● **DATA**
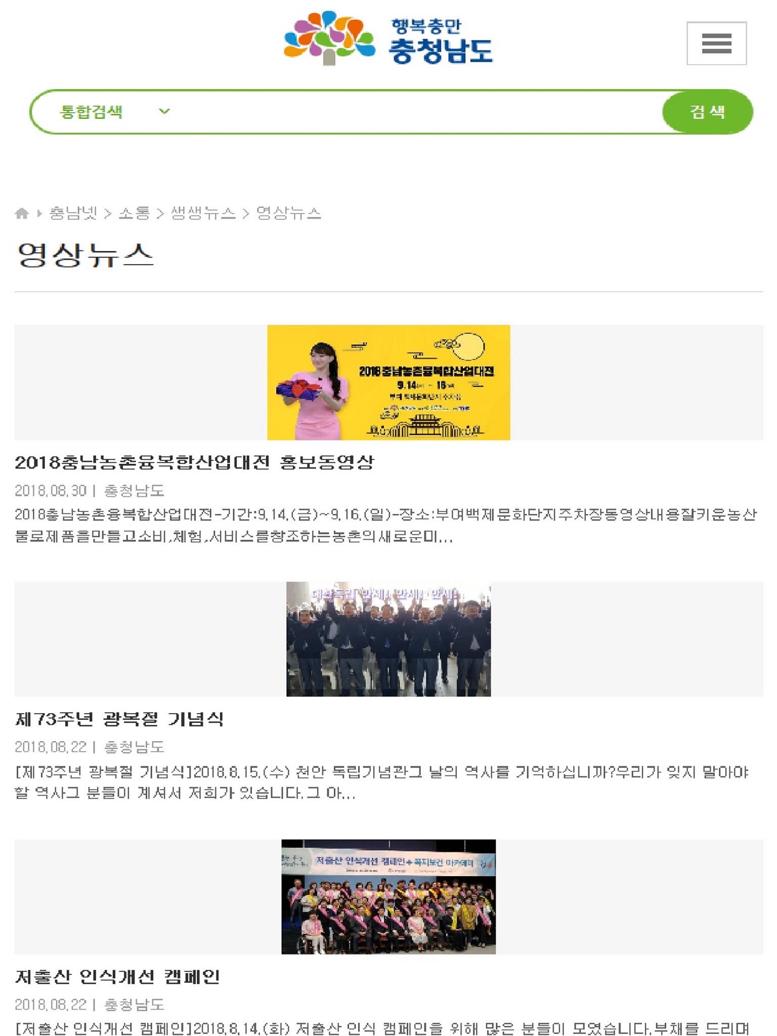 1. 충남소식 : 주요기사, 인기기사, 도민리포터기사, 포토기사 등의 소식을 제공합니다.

...

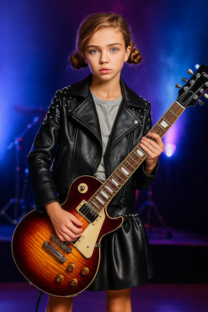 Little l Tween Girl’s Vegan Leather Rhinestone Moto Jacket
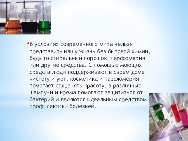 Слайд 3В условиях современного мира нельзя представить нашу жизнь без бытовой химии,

● **ABOUT THIS EXERCISE**
Look above and copy only the lines from the one holding "Little l Tween" to the one holding "Слайд 3В условиях", both included, exactly, minus the pictures.

● **REPLY TO THE EXERCISE**
 Little l Tween Girl’s Vegan Leather Rhinestone Moto Jacket
 Слайд 3В условиях современного мира нельзя представить нашу жизнь без бытовой химии,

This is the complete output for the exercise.